Lotus not blooming in Kerala

The Kerala Bharatiya Janata Party (BJP) will spring a few surprises in the forthcoming Lok Sabha elections, crowed state party chief V Muralidharan a few days back. But the straws in the wind signify that the badly divided party itself is in for a few unpleasant surprises.
Ironically, it is not the parties ranged against the BJP which are going to do that. It is the groupism-plagued state BJP itself, which will accomplish the task. Indications of the shape of things to come were available at the first state committee meeting of Kerala BJP, held after a long time. In protest against the ‘dictatorial functioning of the  leadership, party vice-president A T Ramesh, general secretary A N Radhakrishnan, state committee members, Damodaran and  M K Sashindran and senior BJP leader and former state party chief P S Sreedharan Pillai boycotted the meeting. Their key allegation is that state committee office-bearers and members were elected unilaterally. What seems to have deepened the division is the refusal to make M S Kumar vice-president of BJP’s state unit.

Though state BJP chief V Muralidharan has denied it, a number of leaders belonging to the anti-Muralidharan group met national vice-president Bangaru Dattatreya, who was in Palakkad to attend the state committee meeting, to complain about the rampant groupism bedeviling  the state unit, it is learnt.

Significantly, a few senior leaders also stayed away from the workshop, held in connection with the Lok Sabha elections. Their absence from the workshop was unprecedented and draws everyone’s attention. The state leadership will be hard put to explain the situation.
Party’s all-India secretary P K Krishnan Das also attracted attention by leaving half way through the proceedings. It is a fact that Krishna Das, a former state BJP president, is also unhappy about the style of functioning of the official leadership of the state party.

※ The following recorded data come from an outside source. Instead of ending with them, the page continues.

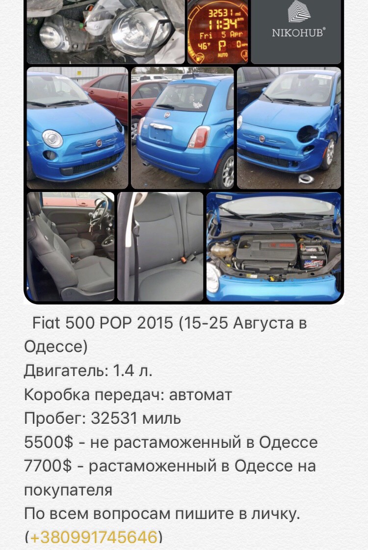 Фиат 500 15 года 50000 км.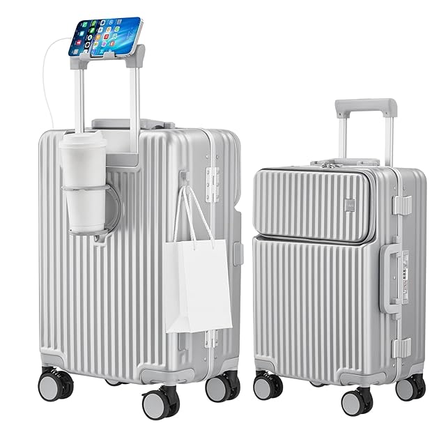 [Ashard] スーツケース 多機能フロントオープン キャリーケース ストッパー付き 機内持ち込み キャリーバッグ 携帯スタンド USBポート付き カップホルダー付き 隠しフック機能 超軽量 耐衝撃 静音 360度回転 ダブルキャスター アルミフレーム ピュアPC材質 大容量 TSAロック搭載 旅行 ビジネス 出張 (シルバー, Mサイズ /65L (4〜7泊))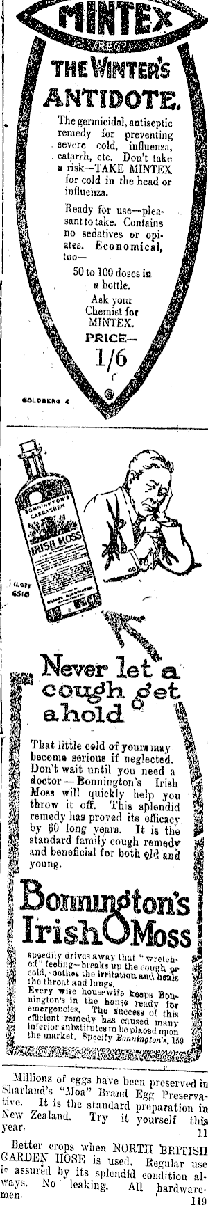 v tmm : P y k£i THEWNNTBtS ANTIDOTE. The germicidal, antiseptic remedy for preventing severe cold, influenza, catarrh, etc. Don't take a risk-TAKE MINTEX for cold in the head or influenza. Ready for use—pleasant to take. Contains no sedatives or opiates. Economical, too—--50 to 100 doses in a bottle. Ask your , Chemist for £ MINTEX. PRICE— I Never let a. , I. ahold* 1 That little csld of yours may. ' bacema serious if neglected. Don't wait until you need a j doctor Bonnington's Irish j m Moss will quickly help you I m throw it off. This splendid i remedy has proved its efficacy j by (50 long ye ; ars. It is the ! standard family cough remsdr jj and beneficial for both oJr> and Sj young. a "ii«iur «no»iuutc(to lie pluoed upon f t the market. Sp Mity Honning^l ?B9 Minions ot eggs have been preserved in Sharland's "Moa" Brand Egg Preservative. It is the standard preparation in New Zealand. Try it yourself this year. 22 """"'Xr - v "juenaiu condition always. No' leaking. All hardwaremen. ■
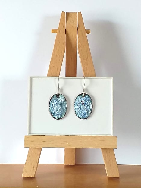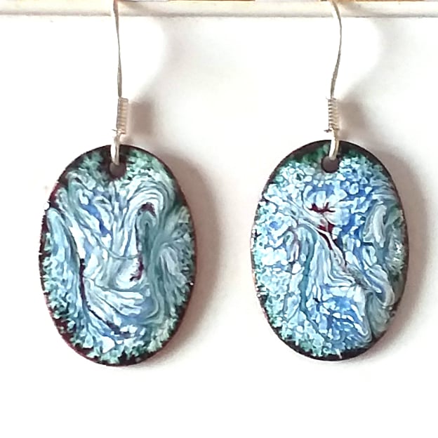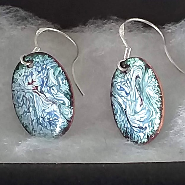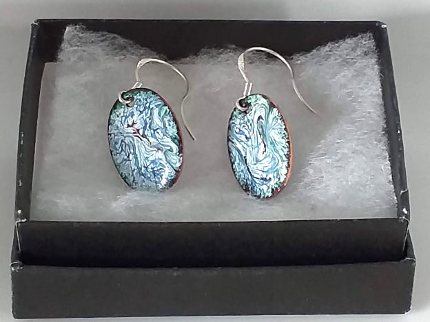 I made these earrings by building up several layers of white enamel over the copper shape, then scattering blue and red enamel over the white. When the ovals were red hot in the kiln I drew though the surface with a steel tip to draw out the rods of colour into a pattern. The patterns are random; they do not match on the two ovals. They do come close and they are unique.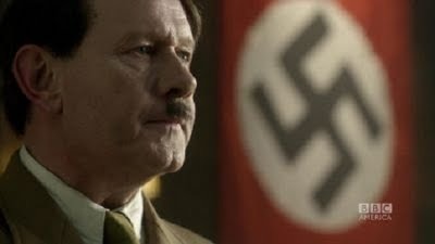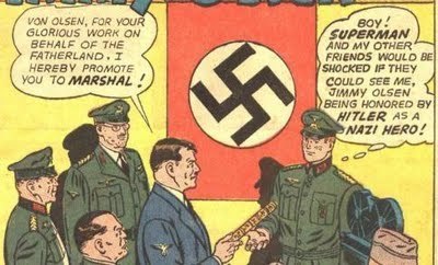Hmmm. On the other hand... let's look at this scene again. A gormless-looking boy-man with a bow tie fixation, being thanked by Adolf Hitler for obvious "shock" value, even though he's clearly out of his depth in Nazi Germany and we're used to seeing a real extra-terrestrial champion deal with this type of situation. Why does that remind me of something?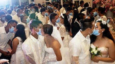 JUGEMテーマ:国際社会 220組、新型コロナで感染対策:フィリピン中部バコロド市で毎年恒例の市主催の合同結婚式が26日までに開かれ、参加した220組のカップルが新型コロナウイルス対策のためマスク越しに誓いのキスを交わした。地元メディアが報じた。結婚式は20日に開催。マスクは市が配布し、参加者には健康調査票の記入や体温測定を求めた。会場の市役所ロビーには、伝統的な正装や純白のドレス姿で、顔の下半分をマスクで覆った新郎新婦がずらりと並んだ。市当局者は感染防止のため、やむを得ない措置だったと説明。新郎の...
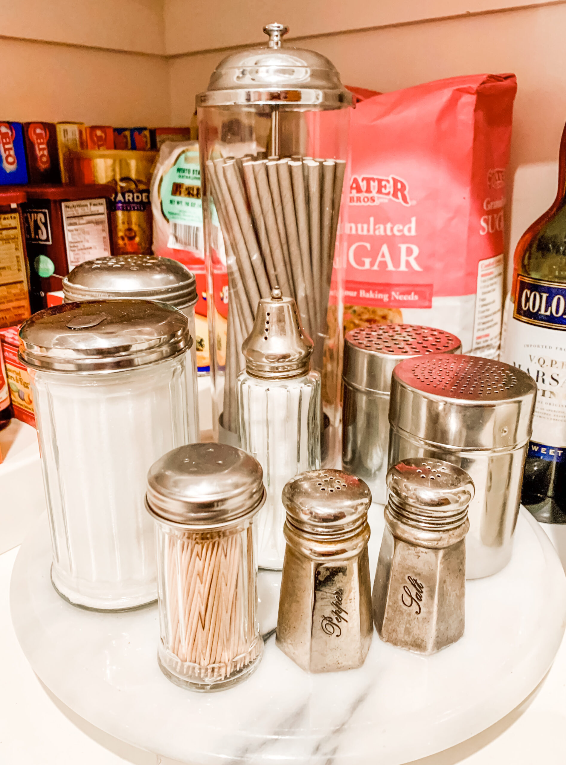 As you can see I utilize a pretty marble Lazy Susan for some specific items that I use frequently: salt & pepper, shakers of granulated sugar and powdered sugar, shakers for flour and semolina flour for pizza making, a toothpick dispenser and straws.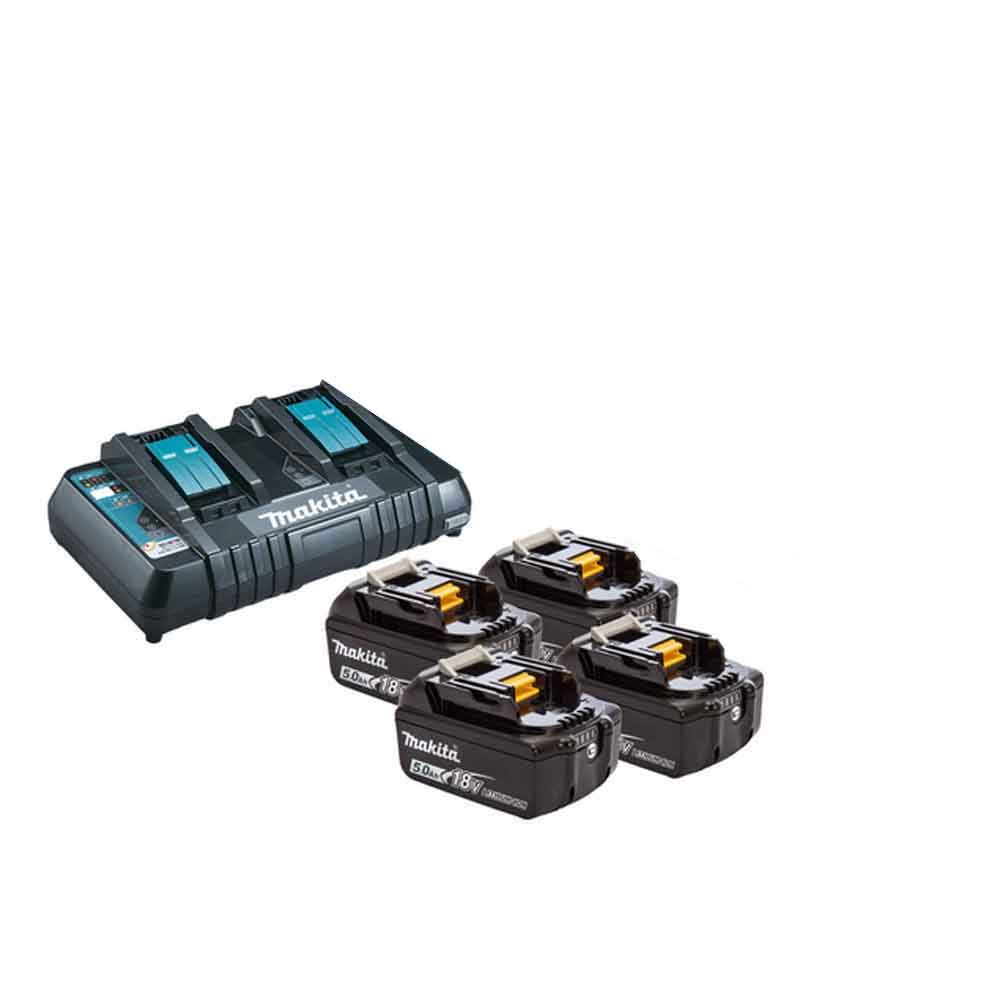 - Batteripakke bestående af dobbelt lynlader, 4X18V - 5,0Ah Li-Ion batterier

Needless to say, the bickering among senior leaders cannot but have an adverse impact on the party’s preparations and performance in the Lok Sabha elections. The party’s strategy seems to be to concentrate on its ‘stronghold constituencies’ instead of wasting time, energy and resources on all seats. These seats are Kasargode bordering Karnataka, Kozhikode, Thrissur, Thiruvananthapuram and Palakkad. BJP’s election campaign committee chief Narendra Modi is expected to be the star campaigner for the party. Although Modi’s tour programme has not been finalised, he is likely to visit a few of the party’s stronghold seats. Modi may also attend the 60th birthday day celebrations of Matha Amrithanandhamayi in Kollam next month.

BJP sources say the party has a reasonably good chance of creating history by making its parliamentary debut from Kerala in the 2014 Lok Sabha elections. The seats on which the party has pinned its hopes the most are Kasargode, Thiruvananthapuram and Palakkad. Party sources say there are a host of factors which will stand the party in good stead in the general elections. For instance, they claim, the Oommen Chandy Government’s blatant and unbridled ‘minority appeasement policy’ has caused great resentment among the Hindu voters, causing a sharp polarization of voters on the basis of religion and castes.

Spearheading this Hindu polarization campaign are the Nair Service Society (NSS) and the Sree Narayana Dharma Paripalana (SNDP) Yogam. Both the organizations have made it clear that they will vote against the Congress-led UDF Government in the state. BJP sources claim that, more than the LDF, it is their party which will benefit from a Hindu vote consolidation.
In support of their argument, they point out the Neyyattinkara by-election result. In the
by-election, BJP candidate O Rajagopal had polled more than 30,000 votes, registering a six-fold rise in the BJP’s vote. If the Neyyattinkara pattern repeats in the LS polls – and they are sure it will – then that will be bad news not only for the UDF but also for the LDF.

These sources have been playing down the group war within the state unit. Similarly, the Advani-Modi tussle will also have no impact on the election outcome as the ‘wrinkles have been ironed out’, according to them. Advani is held in high esteem by the state BJP activists, but they do not think the BJP stalwart will do anything to harm the party’s prospects in the parliamentary elections.